County appraisers described the evidence they used for each parcel. For several residential appeals staff relied on neighborhood or rural-land sales that predated Jan. 1, 2025, the statutory cutoff the county said governs sales usable for the 2025 revaluation. For commercial properties the county presented regional and countywide office sales and, where applicable, recent purchase history.
After deliberation the board approved the county values on the contested parcels and accepted the staff settlement recommendations listed on the meeting addenda.
Votes at a glance
- Hearing 1 (property key 6150043): Motion to accept the county's assessment for the parcel (mover: Mr. Ashcraft; second: Mr. O'Keefe). Outcome: Approved.
- Hearing 2 (property key 06009029): Taxpayers not present. Motion to accept county assessment of $1,191,700 (mover: Mr. Smith; second: Mr. Ashcraft). Outcome: Approved.
- Hearing 3 (property key 05165533): Rescheduled to Sept. 4 at 4:30 p.m.
- Hearing 4 (property key 09040020, Cunningham): Motion to accept county assessment of $336,500 (mover: Mr. Ashcraft; second: Mr. O'Keefe). Outcome: Approved.

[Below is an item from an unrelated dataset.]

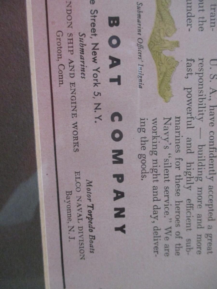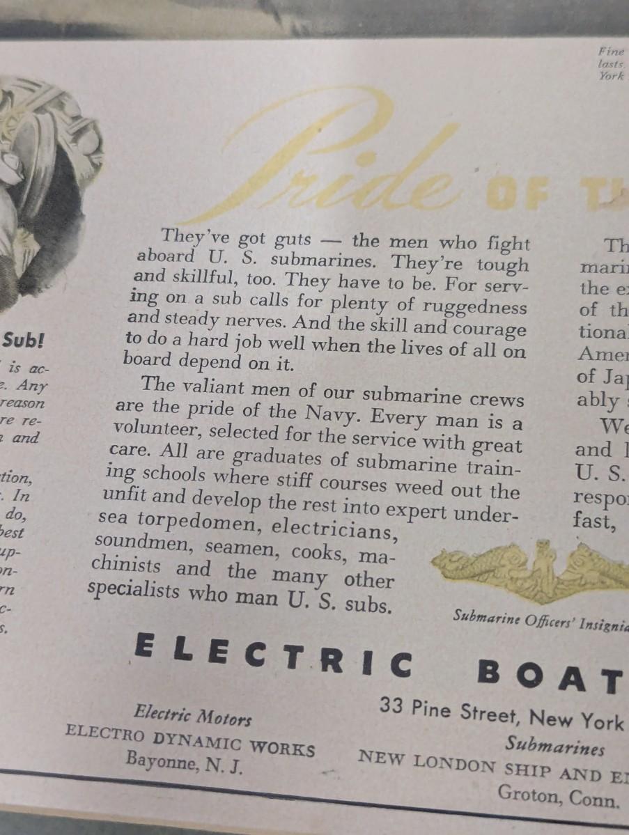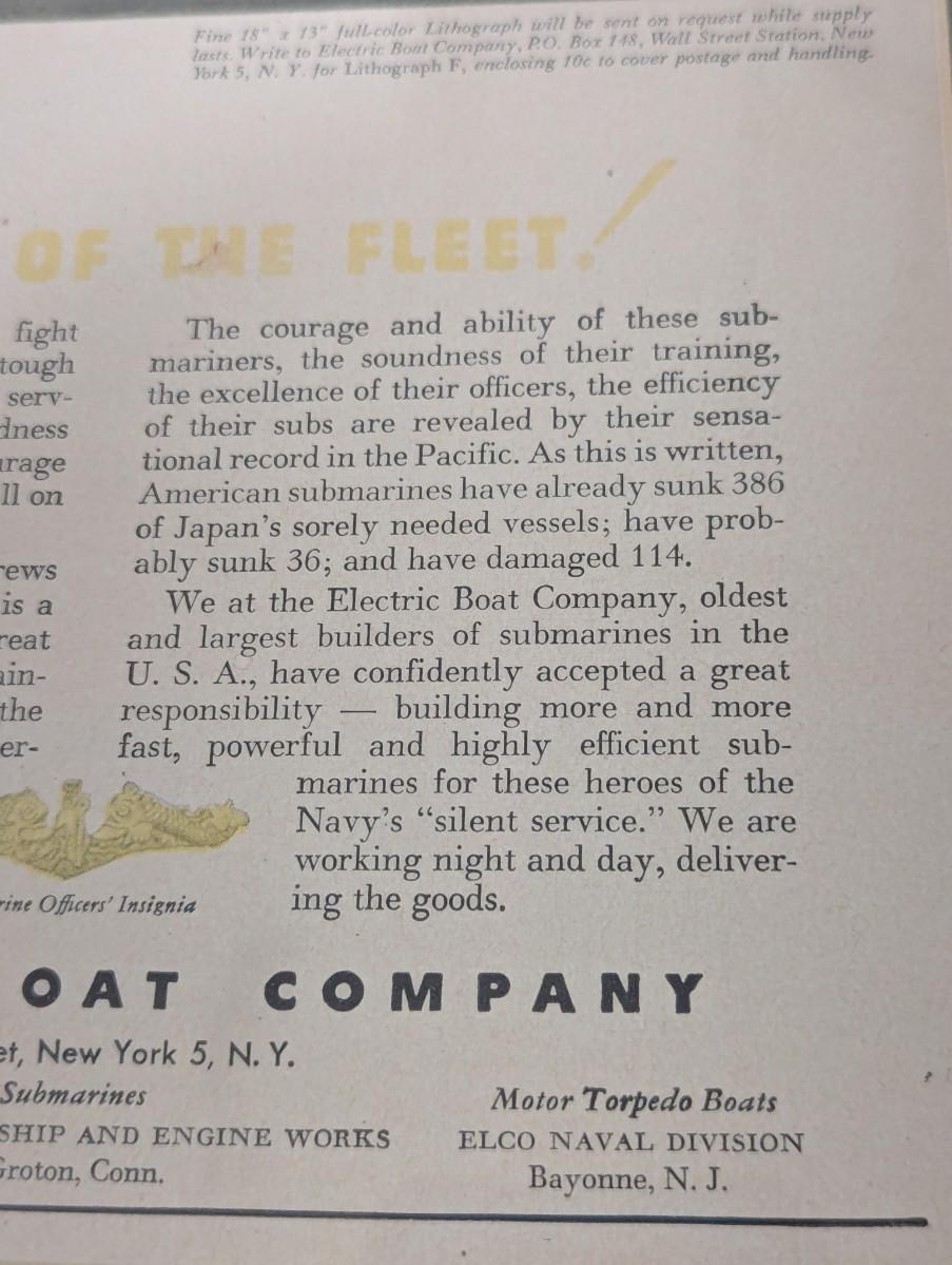 1943 Electric Boat Company Builders Of Submarines Advertising Ad (SR)

- Hearing 5 (property key 07058498, Badini): Motion to accept county assessment of $739,800 (mover: Mr. Smith; second: Mr. O'Keefe). Outcome: Approved.
- Hearing 6 (property key 07058412, Klingler): Motion to accept county-adjusted assessment of $644,600 (mover: Mr. Ashcraft; second: Mr. Smith). Outcome: Approved.
- Hearing 7 (property key 08231118): Taxpayer absent. Motion to accept county assessment of $62,800 (mover: Mr. Ashcraft; second: Mr. O'Keefe). Outcome: Approved.
- Hearing 8 (property key 09363001J, commercial property): Motion to accept county assessment (county presented regional office-sales comps; mover: Mr. Ashcraft; second: Mr. Smith). Outcome: Approved (county assessment remained approximately $2.13 million as presented by county staff).
- Hearing 9 (property key 09185012, vacant land): Motion to accept county assessment of $1,077,800 (mover: Mr. Ashcraft; second: Mr. O'Keefe). Outcome: Approved.
- Addendum A (staff-recommended settlements): Motion to approve staff settlements. Outcome: Approved.
- Addendum B (notices of value where taxpayers did not respond): Motion to accept as presented. Outcome: Approved.
Why it matters
The board's routine of hearing taxpayer evidence and staff presentations is the final administrative review before written notices are issued. By upholding the assessor's values the board confirmed appraiser choices about comparable sales, zoning classification and treatment of constraints such as flood zone encumbrances for the parcels contested that day.
What the board heard
- County staff repeatedly noted the statutory cutoff for comparable sales (Jan. 1, 2025) and said they adjusted values using sales and analytic tools tuned to parcel type (rural, subdivision lots, commercial) and to site constraints (floodplain, topography).
- For commercial appeals staff ran county and regional office-sale analyses and referenced a recent 2023 purchase as a benchmark for a vacant tract that had been purchased for $950,000 on March 17, 2023.
- Board members asked questions about site constraints (shape, floodplain acreage, topography), neighborhood treatment (whether a parcel is inside a subdivision's plat or outside it) and whether recent sales or listing estimates provided by taxpayers met the statutory requirements.
The board's action closes the administrative appeal for the parcels where the county values were affirmed. Taxpayers will receive written notice of the board's decisions and any further appeal rights under state law.
The board recessed and set follow-up hearings for the coming weeks, with a larger schedule expected to begin Sept. 15.